Your assignment — Copy, please, the line with "France : Archives" and each line that follows it through the end of the data below, exactly as given and without pictures.
***** Data records *****
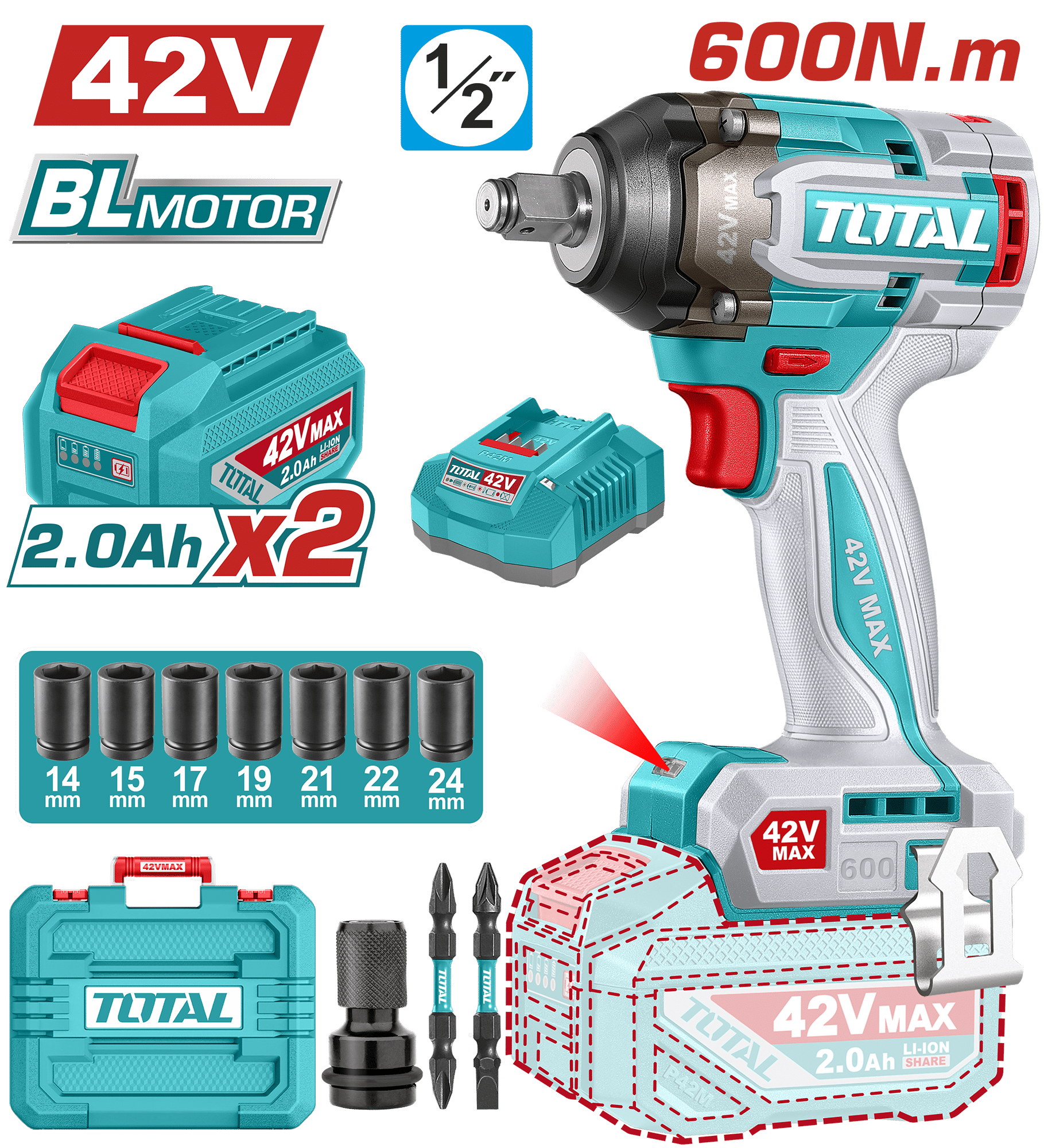 7 dados (14 -15 -17- 19 -21 – 22 y 24 mm) – 1 destornillador cuadrado de 1/2´´ a hexagonal 1/4´´ – 2 puntas de destornillador – 2 baterias -1 cargador
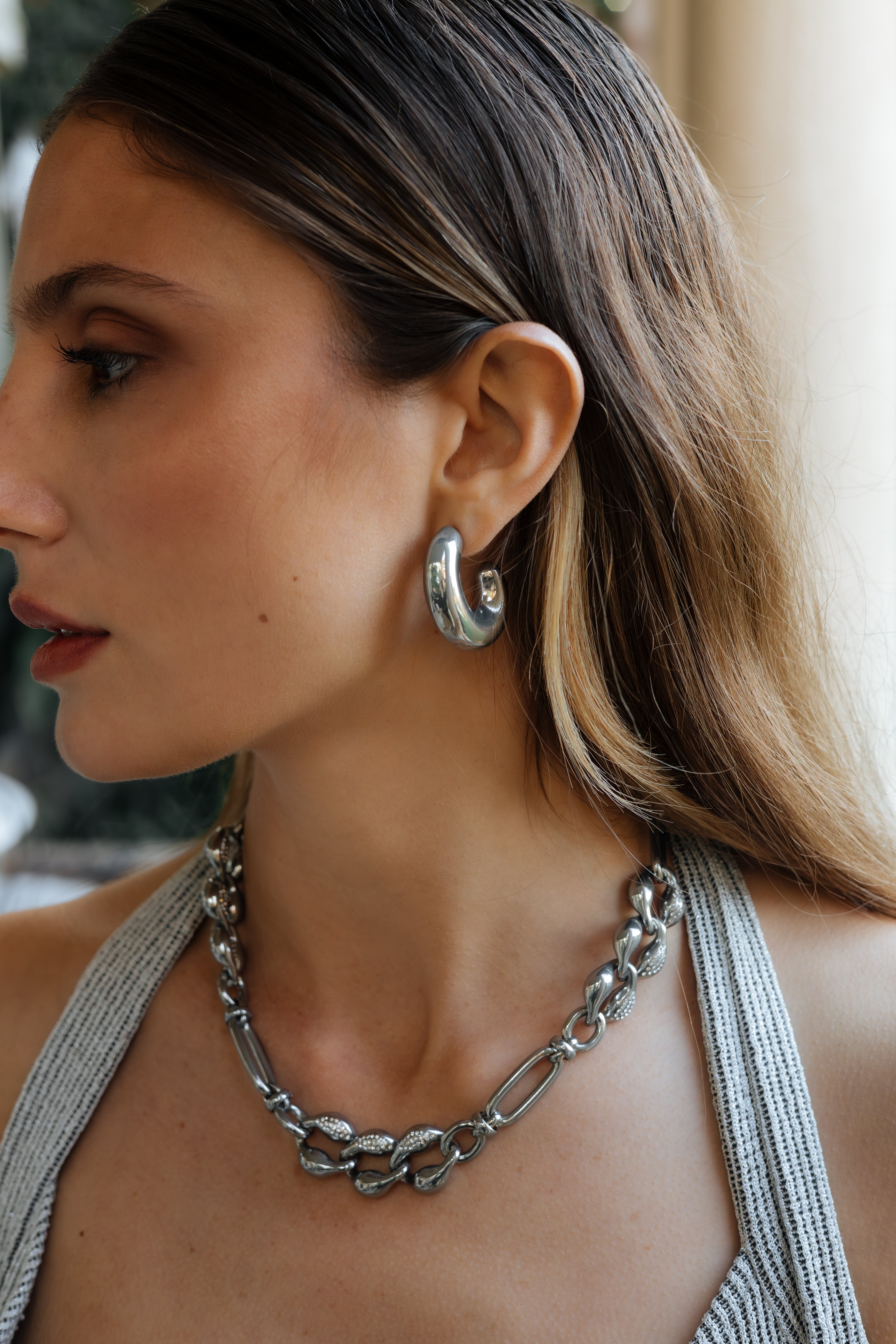 Step into the spotlight with our chunky statement hoop earrings, where boldness meets featherlight comfort.
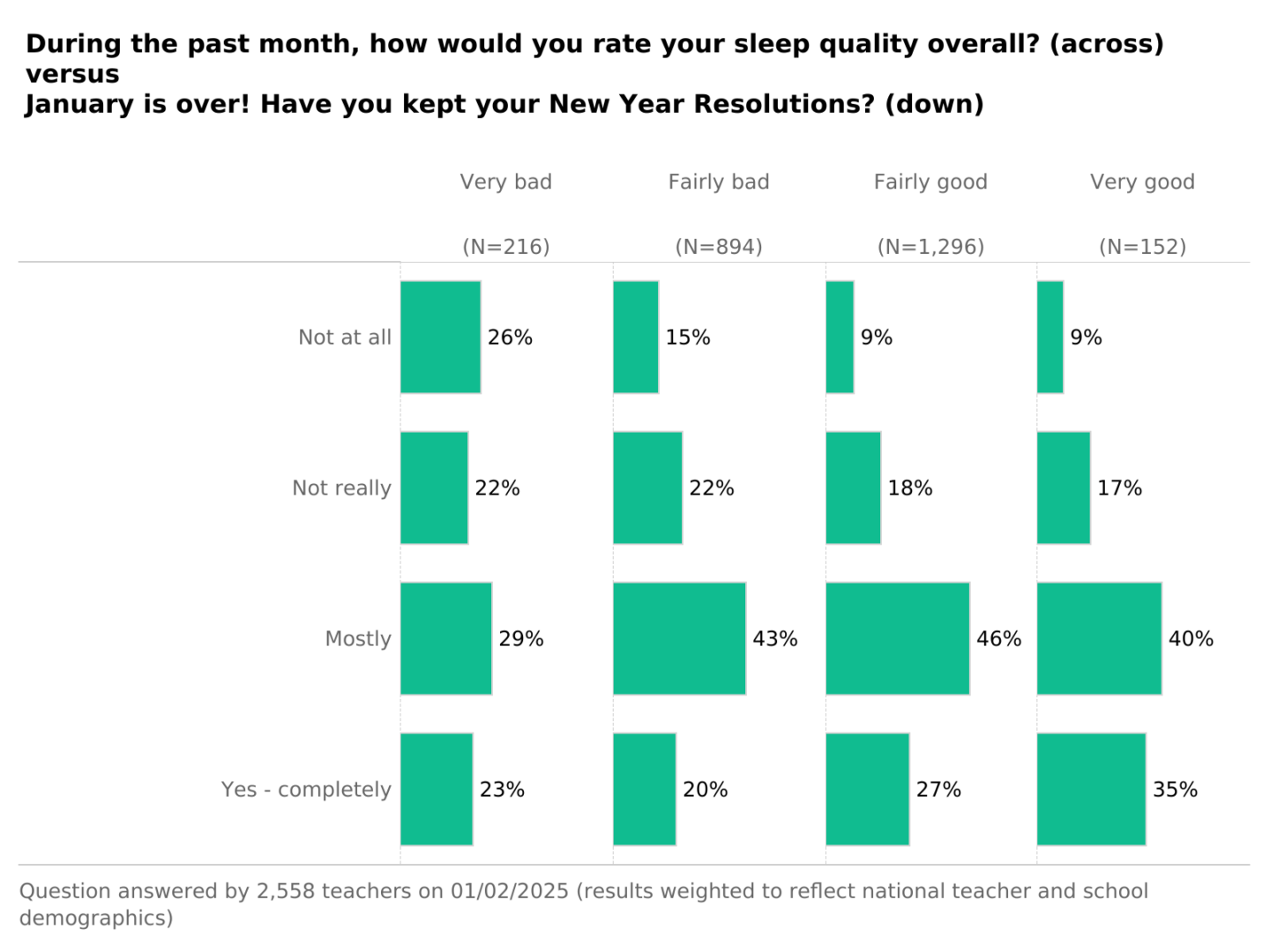 To find out if Teacher Tappers were experiencing similar patterns, we asked about sleep, and New Year Resolutions…and discovered those who slept better were more likely to have kept their New Year Resolutions.
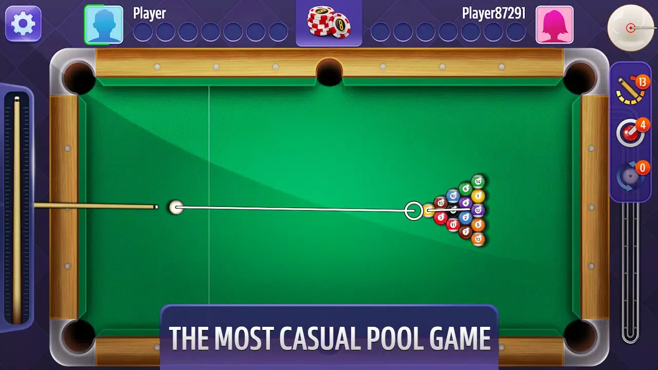 Realistic Gameplay: Experience the thrill of billiards through meticulous attention to detail. Each shot is impacted by true-to-life physics that mirror real-life interactions with the balls, enhancing your gaming experience.
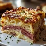 A comforting casserole that transforms the classic Reuben sandwich into a hearty warm meal, perfect for gatherings or family dinners.
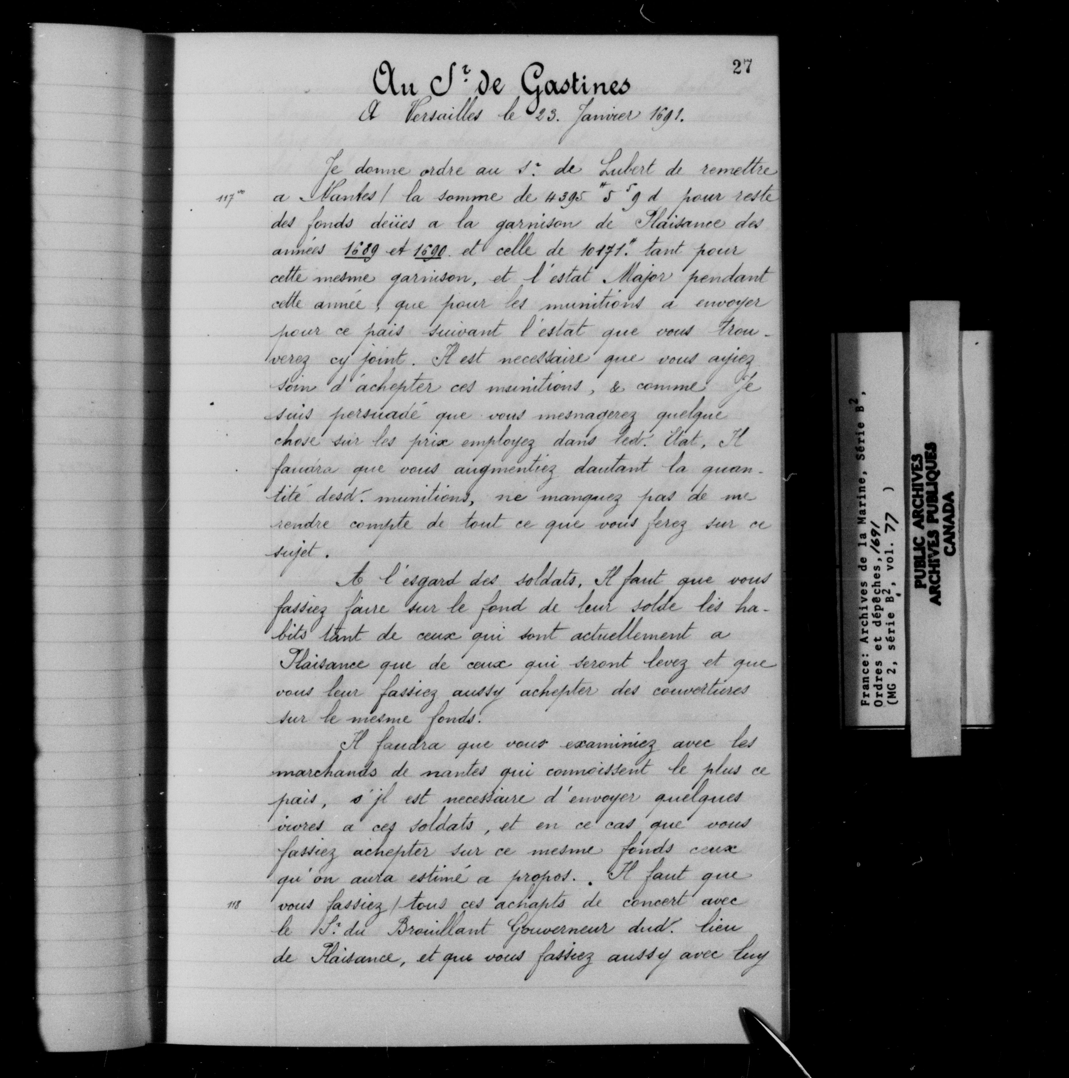 France : Archives de la Marine, Série B2, Ordres et dépêches - 11977
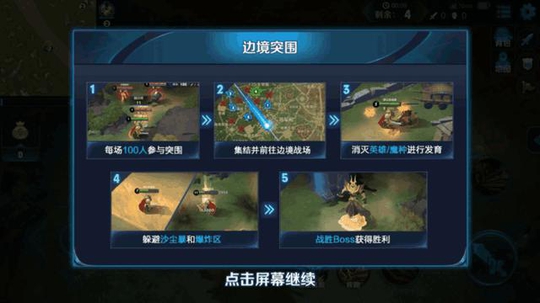 该模式与绝地求生相似,都是采用组队的方式,每场100人参与突围,人员集结够之后前往边境战场。玩家可先打怪、搜集装备或者击杀其他英雄进行发育。
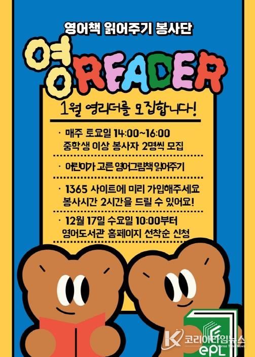 코리아타임뉴스 기동취재팀 | 의정부영어도서관은 2026년 1월부터 영어책 읽어주기 봉사단 ‘영리더’가 참여하는 재능기부 프로그램 ‘Please Read a Book’을 운영한다.
*****
Solution —
 France : Archives de la Marine, Série B2, Ordres et dépêches - 11977
 该模式与绝地求生相似,都是采用组队的方式,每场100人参与突围,人员集结够之后前往边境战场。玩家可先打怪、搜集装备或者击杀其他英雄进行发育。
 코리아타임뉴스 기동취재팀 | 의정부영어도서관은 2026년 1월부터 영어책 읽어주기 봉사단 ‘영리더’가 참여하는 재능기부 프로그램 ‘Please Read a Book’을 운영한다.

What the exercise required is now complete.